I was admittedly worried he’d disapprove, but then he’d meet the boyfriend and like him and it would be fine.  Also, my boyfriend isn’t even atheist.

We’re not telling you what to do.  If you love him, you should be with him.  But I’m going to stand by my husband, just as you some day, if you get married, will stand by yours.  We both love you, he’s just not going to talk to you.  Maybe, in a long time, he might change his mind, but I don’t think so. I think it was too much.

Ashley sums it up beautifully.  I wish I could just quote the whole post, but this says it all.

I could have pointed out all the things that I haven’t done to be a disappointment to him.  I mean, yes, I’m a liberal who supports equality, but I just keep making a list in my head of all these other things I could have done that would have been upsetting to him*:

  • I have never been a drug addict
  • I have never been a drunk or alcoholic
  • I have never killed anyone
  • I have never been arrested
  • I have never been a sex worker
  • I have never gone through a rebellious phase
  • I have never gotten pregnant out of wedlock
  • I have never failed school

I am, in general, pretty much the opposite of a fuck up, and I sit here and wonder… would my father like me better if I’d gotten drunk and run someone over and been sent to jail and dropped out of school… and I think the answer is yes and I don’t know what to do about it.

I don’t know how one goes about coping with these things.  I have a very supportive family, friends, and boyfriend.  And Dad and I were never super close.  And, perhaps there were things I could have done better, but none of them change the fact that my dad is the kind of person who would disown their only child for dating “out of race”.

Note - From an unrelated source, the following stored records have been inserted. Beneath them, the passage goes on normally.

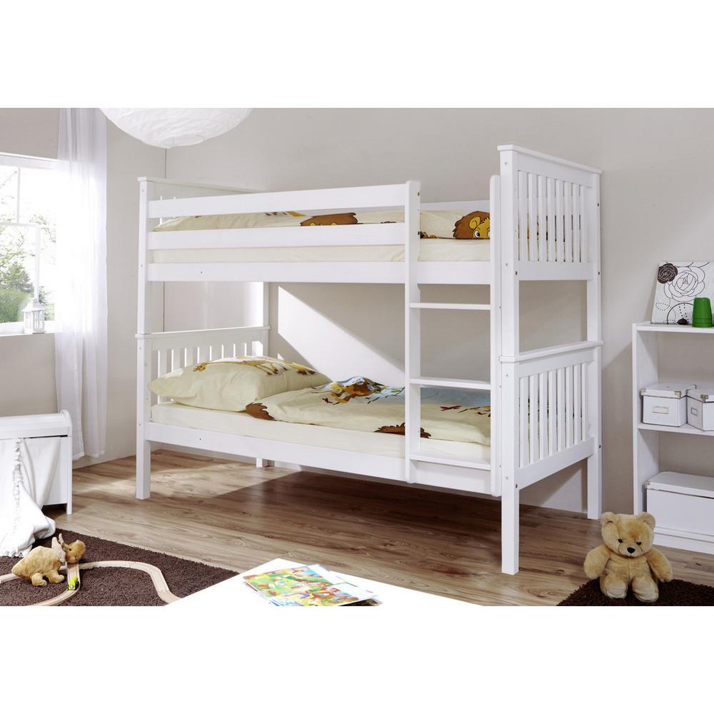 Tento výrobok je k dispozícii IBA ONLINE. Dodanie je zadarmo. Chcete úplnú flexibilitu v dizajne detskej izby? Potom je poschodová posteľ SAMMY ideálnou voľbou! S dvomi plochami lôžok, približne 90 x 200 cm (Š x D), ponúka posteľ dostatok priestoru na spanie. Pri montáži máte na výber, či si zostavíte jednu poschodovú posteľ, a šikovne tak vytvoríte veľa priestoru v malej detskej izbe, alebo ju rozdelíte na dve samostatné postele (viď obrázky). Zostavili ste materiál ako poschodovú posteľ? Rebrík je pohodlnou súčasťou postele SAMMY. Súčasťou dodávky je aj ochrana proti pádu vo forme vrchného zábradlia. Posteľ je vyrobená z vysokokvalitného borovicového dreva a je skutočne kvalitným výrobkom, z ktorého sa budete tešiť mnoho rokov a ktorý je možné rovnako dobre využiť v detskej, ako aj v hosťovskej izbe. Každé lôžko je možné zaťažiť do 75 kg a dve postele dohromady, či už oddelene alebo v celku, majú nosnosť 150 kg. Ďalšou výhodou tejto postele je veľkorysá výška nôh. Ak potrebujete ďalší úložný priestor, je najlepšie posteľ rozšíriť o zodpovedajúci úložný priestor a udržiavať tak deky, vankúše a zbierku plyšových hračiek upratané. Model SAMMY je k dispozícii v rôznych farbách a prevedeniach. Te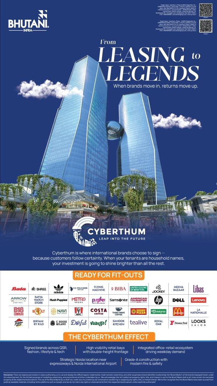 The food court, restaurant, and café spaces at Bhutani Cyberthum, Sector 140A Noida are emerging as a preferred choice for investors looking at high-footfall commercial assets. Located inside one of India’s most iconic commercial towers, Cyberthum’s F&B destination is designed to serve thousands of daily office-goers, co-working professionals, corporate teams, visitors, and nearby residential communities.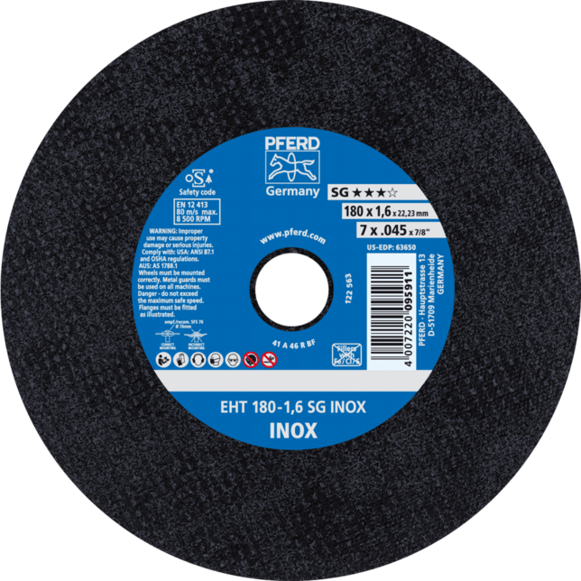 Široká ponuka Performance Line SG ponúka vysoko výkonné riešenie nástrojov pre každú aplikáciu a každý materiál. Nástroje Performance Line SG dosahujú optimálne výsledky s maximálnou hospodárnosťou. Rezné kotúče na nehrdzavejúcu oceľ (INOX) s vysokým rezacím výkonom a maximálnou životnosťou nástroja. Pracovníci po celom svete dôverujú značke Blue a volia tenké rezné kotúče od PFERD TOOLS. Produktová rada PFERD TOOLS zahŕňa tenké rezné kotúče v rôznych prevedeniach a preto správne riešenie nástroja pre akúkoľvek aplikáciu – ergonomicky optimalizované, efektívne a s najvyššou úrovňou bezpečnosti. Tenké rezné kotúče od PFERD TOOLS sa vyznačujú svojou špeciálnou formuláciou spojiva. Intenzívny výskum a vývoj v kombinácii so systematickou implementáciou v moderných výrobných zariadeniach zaručujú vysoké kvalitatívne a bezpečnostné štandardy PFERD TOOLS.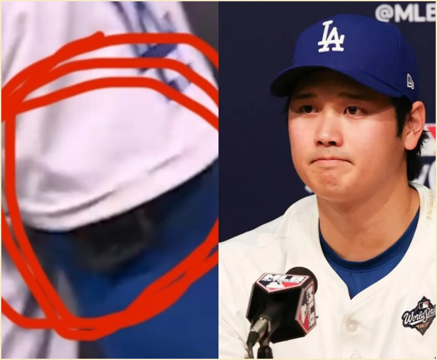 Delving deeper into the ‘something fishy’ claims, sleuths highlight Ohtani’s unusually quick glances toward the Dodgers’ bullpen during at-bats, suggesting visual cues from a scout or coach. One enhanced photo reveals what looks like a tiny earpiece wire tucked under his cap, invisible to the naked eye but glaring in 4K resolution. Experts from MIT’s sports analytics lab weighed in on a podcast, estimating a 75% probability of tech-assisted cheating based on biomechanical anomalies in his swing path. These revelations have fans reevaluating Game 4’s key moments, like Ohtani’s RBI double in the third that turned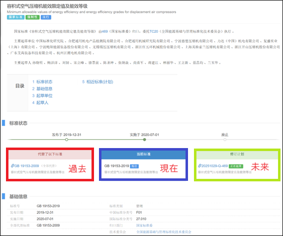 ・前頁の緑の部分に視点を変えると、GB 19153-2019は過去に当たるので、赤になっています。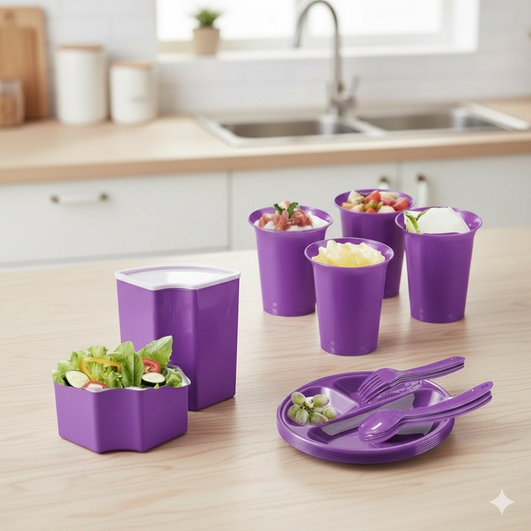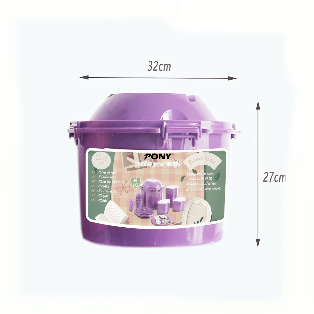 32PCS Complete Set: Includes 6 plates with partition, 6 cups, 6 spoons, 6 forks, 6 storage bins with lids, 1 cover with handle, and 1 locking container for full outdoor dining convenience.

And I know some will say that I’m better to be rid of him, and maybe they’re right.  Maybe it’s a relief to just be able to be myself without that particular Sword of Damocles hanging over my head, but he’s my dad.  And I’m his only kid.  Well, not anymore I guess.

I guess it’s sort of like a divorce. I don’t even think I have any insight to add to this other than the following: This still happens in 2012 in the United States.

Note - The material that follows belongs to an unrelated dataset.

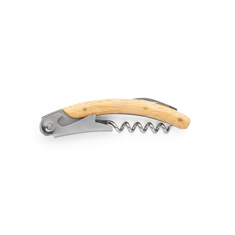 Conjunto de vinho com dois componentes em metal e bambu: um saca rolhas e um salva-gotas. Fornecido em caixa presente de papel kraft reciclado. A cor e o resultado da impressão nos materiais naturais pode variar entre produtos.

What do you say to someone who just lost their father by intention, rather than by fate?  We do not live in a universe that cares about justice, otherwise a father-daughter relationship would never die while racism continues to live.  It’s a good thing that humans do sometimes care about justice, because the cosmos sure as shit doesn’t.

I know it’s not the same, Ashley, but there are thousands who accept you and love you for everything that you are, rather than by some arbitrary, random association.  How many people need to love a person in that way to make up for the loss of a parent’s love?  I don’t know, but I hope, in this case, that we can find out.

About JT Eberhard

When not defending the planet from inevitable apocalypse at the rotting hands of the undead, JT is a writer and public speaker about atheism, gay rights, and more. He spent two and a half years with the Secular Student Alliance as their first high school organizer. During that time he built the SSA’s high school program and oversaw the development of groups nationwide. JT is also the co-founder of the popular Skepticon conference and served as the events lead organizer during its first three years.

  • James-S

    Never been close to either of my parents. My wife’s natural father was a heroin addict when he was younger, and essentially abandoned her. Her mother ended up marrying an abusive (jerk).
    All in all, if there isn’t really much of a relationship there to begin with… meh. That says far more about the parent than anything else. If they want to be horrible people, they are welcome to do that, and we are welcome to ignore them.
    Don’t mourn the loss of a relationship that was probably never all that important/worthy. Life is long, but too short for worrying about such things.

  • TerranRich

    If my father were like that, *I* would be the one disowning him It’s ridiculous that this shit still exists in the 21st century. Unreal.

  • General Panic

    You have another chance for a fulfilling parent-child relationship, and that is of course when you are the parent. Take some solace in the fact that you can help the world get over this kind of blind ignorance, hate, and fear, by teaching your child to be accepting of people of all races/lifestyles/situations. Of course, I strongly suspect you will already do this, but take comfort in it while you are teaching your child and doing your part to heal the human race.

  • smrnda

    The step-mother defending the father is utterly disgusting because by explaining that it’s ‘just the way he was raised’ or whatever she’s implying that prejudice against Black people is somehow defensible, and that it’s an issue where there’s room to see both side (her discussion of how he’s ‘bent all he can’ and ‘you haven’t bent at all,’ implying that this is an issue where both sides have an equal duty to compromise, not one where one person is totally wrong.)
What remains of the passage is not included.